Thursday, November 5, 2020

11/5/20: En banc decision worth noting

 In United States v. Bacon, --- F.3d ---, No. 18-50120 (9th Cir. 2020) (en banc), the Court "consider[ed] what the proper remedy is on appeal when we conclude that a district court has erred under Daubert v. Merrell Dow Pharmaceuticals, Inc., 509 U.S. 579 (1993), by admitting or excluding expert testimony on one ground, but when we cannot tell from the record whether the admission or exclusion was nevertheless correct on other grounds."

Under prior Circuit law, the requisite remedy was to vacate the conviction and remand for a new trial.  

The Court overruled that precedent and held: "a bright-line rule requiring a specific remedy is inappropriate. Instead, each panel should fashion a remedy 'as may be just under the circumstances.' 28 U.S.C. § 2106. The remedy may include remanding for a new trial or remanding for the district court to first determine admissibility, then requiring a new trial only if that admissibility determination differs from that in the first trial."
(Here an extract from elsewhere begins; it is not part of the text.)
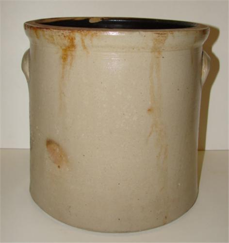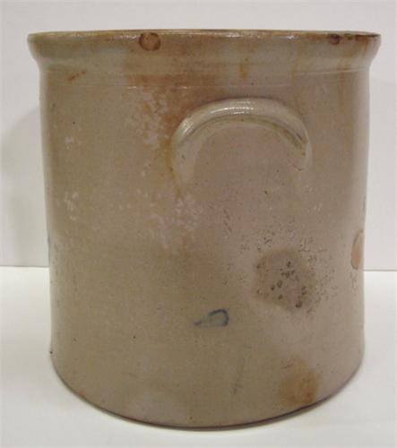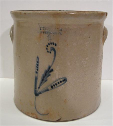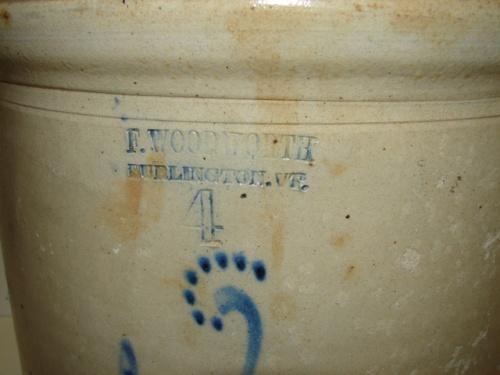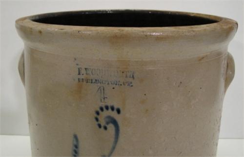 BLUE DECORATED VERMONT STONEWARE CROCK. 4 gallon. Has eared handles. Stamped near top of body “F. Woodworth/Burlington, VT./4”. Cobalt blue slip decorated floral design on body. Shows a series of small chips along inner and outer portion of top rim. Shows one crack along bottom edge. Shows loss to glaze throughout. 11.25” H
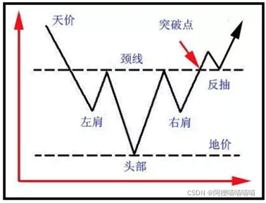 - 头肩底:头肩底是一种典型的趋势反转形态,是在行情下跌尾声中出现的看涨形态,图形以左肩、底、右肩及颈线形成;头肩底是判断市场重要底部形成的最常见K线形态之一。

The en banc Court remanded for a further remedy determination.  

But now the interesting part.  As noted, in reaching its conclusion, the Court relied on 28 U.S.C. 2106 (which happens to be one of my favorite statutes).  Section 2106 says: "The Supreme Court or any other court of appellate jurisdiction may affirm, modify, vacate, set aside or reverse any judgment, decree, or order of a court lawfully brought before it for review, and may remand the cause and direct the entry of such appropriate judgment, decree, or order, or require such further proceedings to be had as may be just under the circumstances."

To me, this opinion is an invitation for us to use section 2106 as the basis for requesting relief in all types of uncommon circumstances.  If anyone needs briefing, let me know. I've been beating this drum for years.